In this project, I trained, fine-tuned, and evaluated 7 multi-class text classification approaches (logistic regression, support vector machine (SVM), multinomial naive bayes, BERT, LSTM, bidirectional LSTM, and bidirectional LSTM with self-attention). Specifically, each model was trained on the training set (80% of data) and evaluated on the test set (20% of data) using metrics such as accuracy, precision, recall, and F-1 score. The best model in terms of not only accuracy but also ease to use was also productized as a flask web app to take review text as input and the output the corresponding predicted review score (1-5).

Dataset

The dataset chosen for this project is Amazon video review data from Amazon Review Data. The raw dataset contains information such as reviews (ratings, text, helpfulness votes) and product metadata (descriptions, category information, price, brand, and image features) for 717,651 reviews. Due to computational limitation, only the first 500,000 records are used in this text classification project. Each record has the overall review score (integer from 1 to 5) and the review text (string).

Web App for Amazon Review Text Classification

To run the web app, please clone the Github repo and run the following command in terminal.

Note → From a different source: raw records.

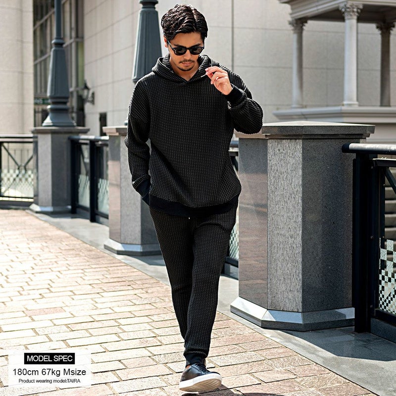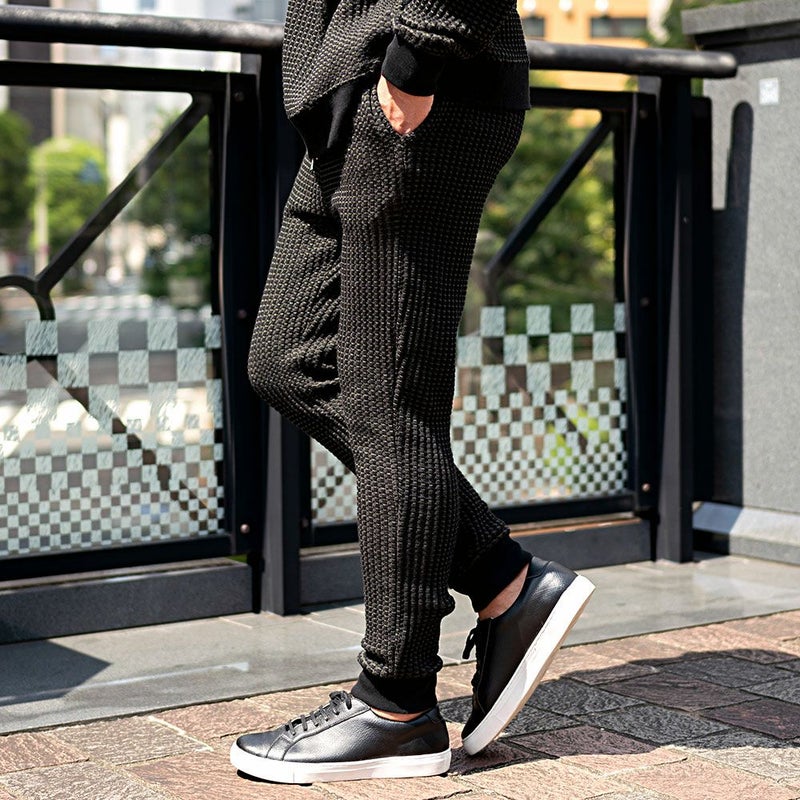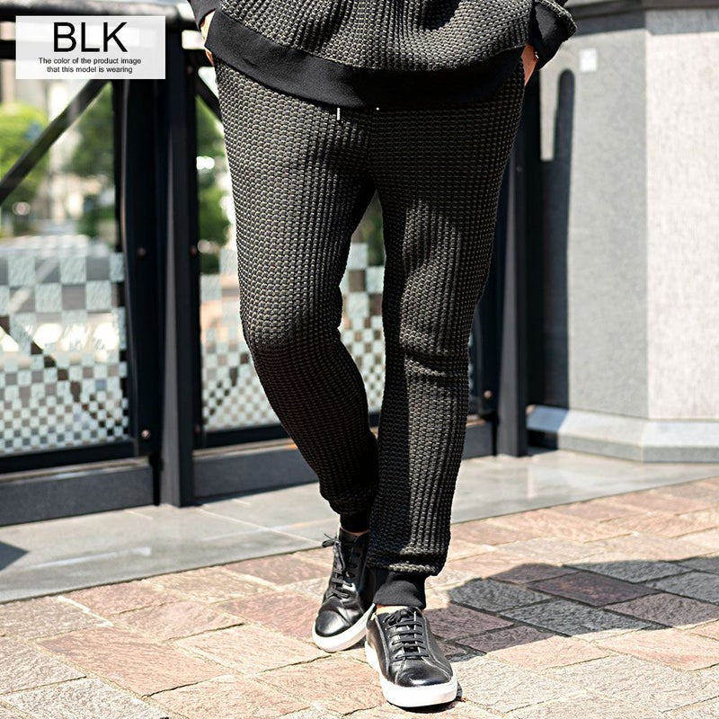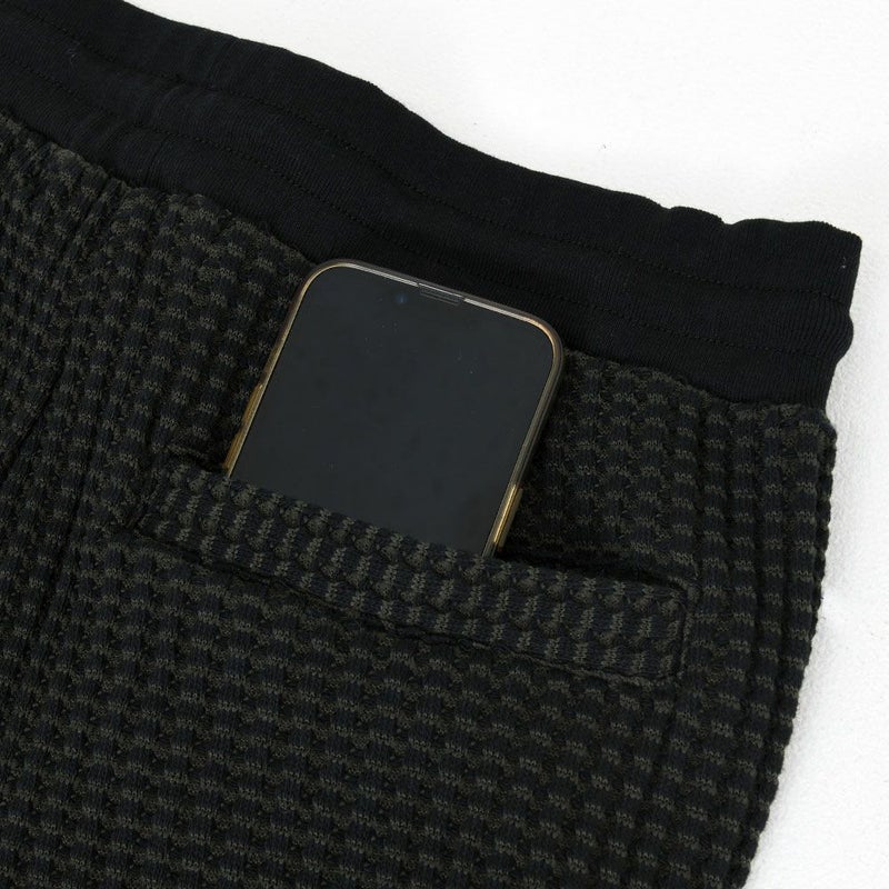 しっかりとした厚みと凹凸のある表面が特徴のワッフル生地を採用したイージーパンツ。
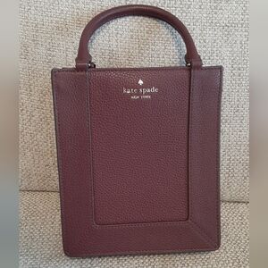 Elegant shoulder bag in deep red. Features sleek design and gold logo detail.
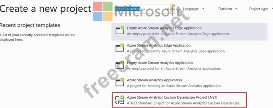 1. Open Visual Studio and select File > New > Project. Search for Stream Analytics and select Azure Stream Analytics Custom Deserializer Project (.NET). Give the project a name, like Protobuf Deserializer.
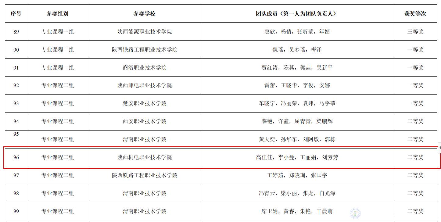 近日,陕西省教育厅公布了2024年陕西省职业院校技能大赛教学能力比赛获奖名单。陕西机电职业技术学院智能制造学院教师团队(高佳佳、李小曼、王丽娟、刘芳芳)凭借精湛、专业的教学技艺和出色的团队协作,在众多参赛队伍中脱颖而出,凭借作品《变速箱轴智能产线系统集成》斩获佳绩,取得了历史性新突破,获得专业课程二组(高职组)二等奖。
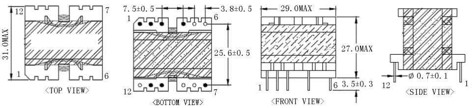 ◆AG九游会·产品占位为29.0mmx31.0mm max.,高度27.0mm max.。◆用于电视机、显示器、办公设备等内置开关电源。
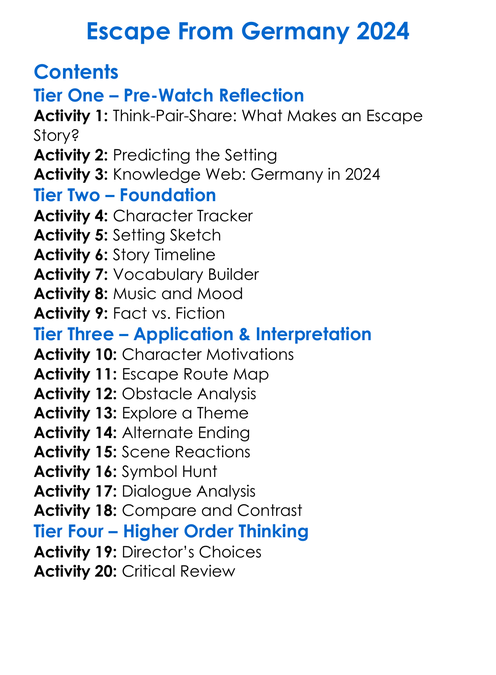 Escape From Germany 2024 Worksheet Activity Booklet

git clone git@github.com:LSQI15/MSiA490-AmazonReviewTextClassification.git
cd MSiA490-AmazonReviewTextClassification
pip install -r requirements.txt
python3 app/generate_artifacts.py
python3 app/api.py

The app will then be accessible on http://127.0.0.1:5000/. Press CTRL+C to at any time to quit.

Model Results

Among traditional machine learning models, support vector machine model out-performed logistic regression model and multinomial naïve bayes models. The best SVM model used L-2 penalty, square-hinge loss, TF-IDF feature representation of unigram, bigram, and trigram, and achieved a multi-class accuracy of 0.7284 on the test set. In addition, increasing n-gram range of TF-IDF from using only 1-gram to using 1-gram to 3-gram significantly helped boost the performance for logistic regression model (0.6548 to 0.6827) and SVM models (0.6659 to 0.7284).
Various LSTM models were trained and evaluated, but they all have similar results (~69%). One thing I noticed was that batch size seemed to be related to model accuracy. Specifically, a smaller batch size seemed to lead to a higher accuracy for bidirectional LSTM model. This reflects Kevin’s (2018) finding that higher batch sizes leaded to lower asymptotic test accuracy with a multi-layer perceptron (MLP) model. Moreover, adding a self-attention layer didn’t improve model performance a lot in this work. Other model parameters or structure are needed to be fine-tuned in order to boost LSTM’s performance. Overall, the bidirectional LSTM model with an embedding size of 256, a max number of words of 100,000, a batch size of 64 and a self-attention layer had the best accuracy of 0.7091 on the test set.
For BERT model, due to computational limits, only max input length was fine-tuned. The results show that the greater the input length, the higher the classification accuracy. This could be explained by the fact that the average review length is 775.5, and with longer input length, BERT models can extract more information to make a better classification. The best BERT model had max length of input equal to 512 and a batch size equal to 8. It achieved an accuracy of 0.75802 in the test set, which was an 3.91% increase from the best SVM model.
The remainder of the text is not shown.